Mereka kembali menempuh beberapa pintu dan kunci seperti tadi. Berhenti sejenak untuk menandatangani berita acara, kemudian Sasuke membuka borgol di salah satu tangan Naruto lalu memindahkannya ke tangannya sendiri. Naruto tidak akan bisa lari kecuali menyeretnya pergi.

Sepertinya Naruto tak bermaksud demikian.
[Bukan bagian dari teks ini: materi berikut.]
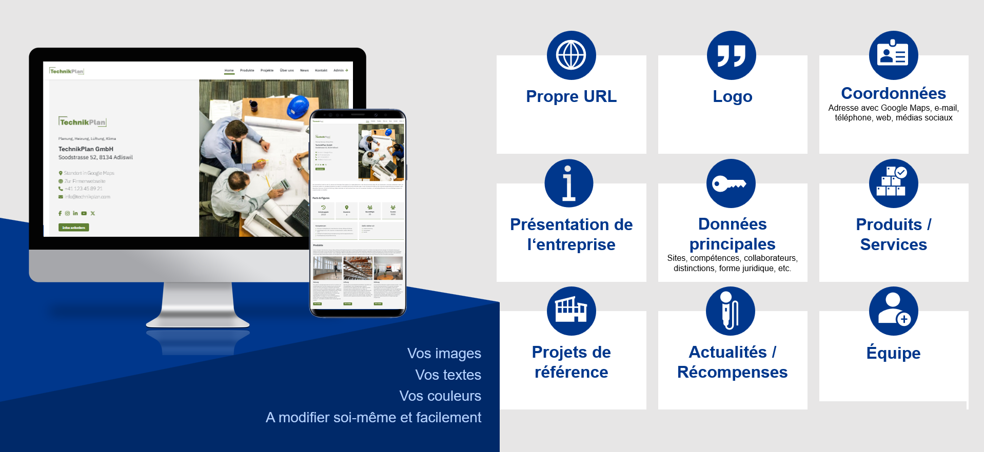 Votre propre site web d'entreprise – intégré à une plateforme performante
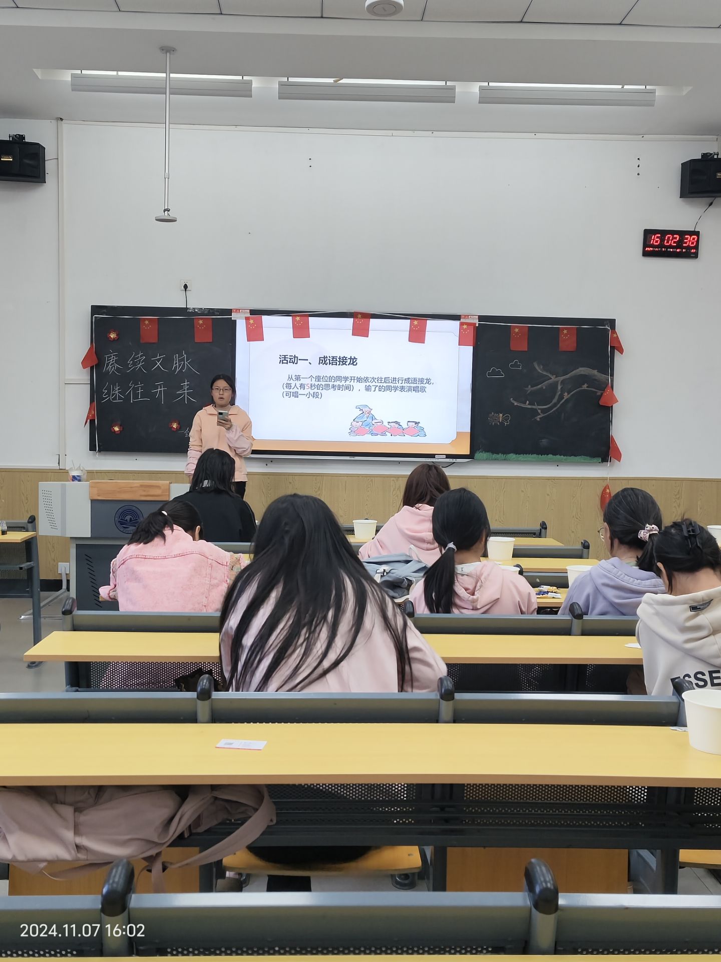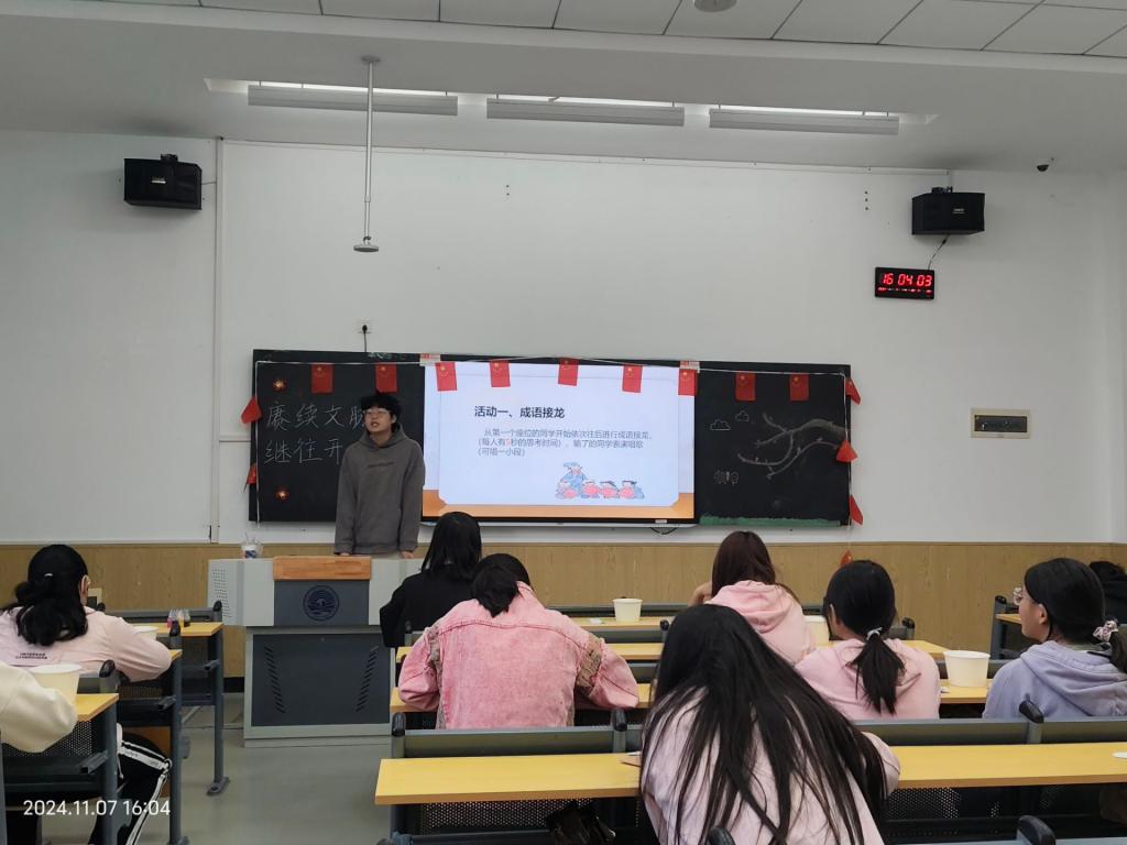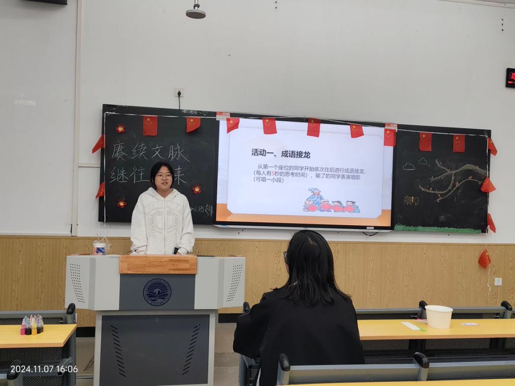 第三部分,组织文化活动,让成员们在轻松愉快的氛围中了解优秀传统文化。成语接龙活动通过富有知识性和趣味性的游戏形式,增强同学们对成语的理解和记忆,提高语言表达和逻辑思维能力,增进团队协作与交流,营造积极向上的学习氛围。三位同学虽然未回答上接龙,但各自介绍了自己家乡的文化,饶娉溪同学特意唱了与家乡有关的歌曲,获得同学们的欢迎。

Menyuruh Naruto agar naik mobilnya, Sasuke kemudian memindahkan borgol Naruto kembali ke kedua tangannya. Dengan pintu mobil yang dikunci, paling tidak ada pengamanan pertama. Pengamanan kedua? Sasuke menambahkan chips ber-GPS pada borgol Naruto.

Sepertinya Naruto tidak bermaksud untuk kabur.

Kepala Kepolisian Oto setengah tak percaya bahwa Sasuke tak membawa back up. Ia sadar benar nama besar keluarga Uchiha di dunia kepolisian, tapi membawa tahanan tanpa rekan untuk back up?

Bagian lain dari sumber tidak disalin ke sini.